В конце августа в Хабаровку заехал Михаил Иванович Венюков.
Почти три месяца пробыл он со своей командой на берегах таежной Уссури, занимаясь съемкою и описанием долины этой реки.
— Ну,
— Еще мало, Яков Васильевич. Только Хабаровка представляет утешительный вид, — сказал Венюков. — Несколько свежих, незаконченных построек есть в станице Невельской, то же я видел в станице номер четыре и в Корсаковой. Казакевичева, правда, растет, имеет вполне приличный вид. Я очень боюсь за станицу номер четыре, как бы ее потом не пришлось переносить на другое место. Очень уж низменный участок для нее выбрали. В большую воду будет топить.

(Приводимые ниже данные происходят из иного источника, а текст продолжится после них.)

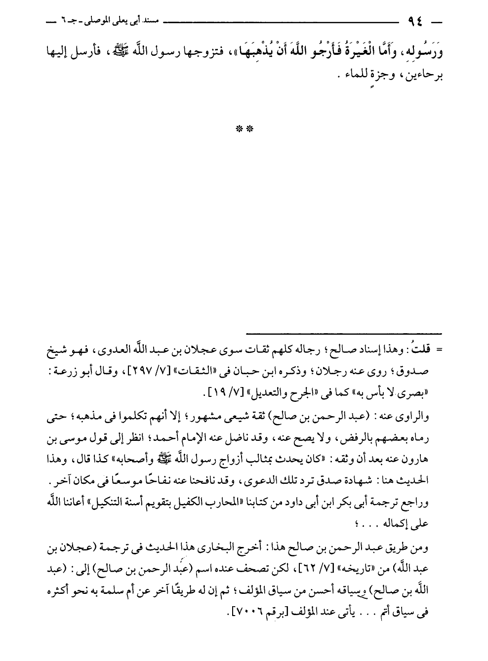 ومن طريق عبد الرحمن بن صالح هذا: أخرج البخاري هذا الحديث في ترجمة (عجلان بن عبد الله) من "تاريخه" [٧/ ٦٢]، لكن تصحف عنده اسم (عبد الرحمن بن صالح) إلى: (عبد الله بن صالح) سياقه أحسن من سياق المؤلف؛ ثم إن له طريقًا آخر عن أم سلمة به نحو أكثره في سياق أتم ... يأتي عند المؤلف [برقم ٧٠٠٦].
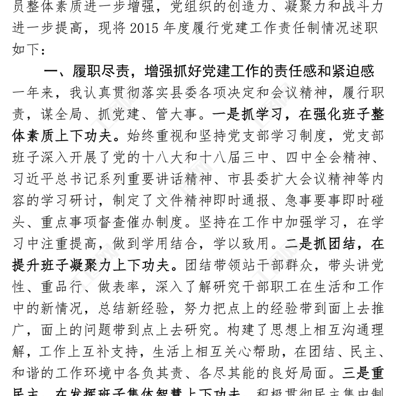 首頁(yè) > WORD文檔 > 述職報(bào)告 > 鄯善縣xxx黨支部書(shū)記2015年落實(shí)黨建工作責(zé)任制述職報(bào)告.DOCX 【圖片、文字、動(dòng)畫(huà)均可編輯】

— Таков приказ, ничего не поделаешь. Козловский не мог отойти от плана.
— Говорил он мне, — сказал Венюков. — Но Хабаровка, откровенно скажу, меня обрадовала. После того что я видел тут в первый приезд, сделано много. Работы у вас идут успешно. И знаете, Яков Васильевич, быть здесь городу!
— Доживем ли мы до этого, Михаил Иванович?
— Должны дожить. Вон купцы своим коммерческим чутьем сразу поняли это.
— Да, одна лавка уже есть. А на днях проезжал в Николаевск купец Ланин, тоже обещался открыть у нас свою лавку. Был тут и приказчик Амурской компании, просил выделить ему место для складов. Я ему сказал: селитесь на левом фланге, на склоне под орлиным гнездом.
— Вот видите: быть городу, быть.
Офицеры сидели на палубе, у каюты батальонного командира. Отсюда виден был и Амур, и постройки военного поста.
— Вот вы изволили заметить, — продолжал Дьяченко, — что сделано пока мало. Сделали бы больше, если бы батальон не был так распылен. Одна рота у меня на Уссури, две — здесь, а еще одна устанавливает почтовые станки и строит город Софийск.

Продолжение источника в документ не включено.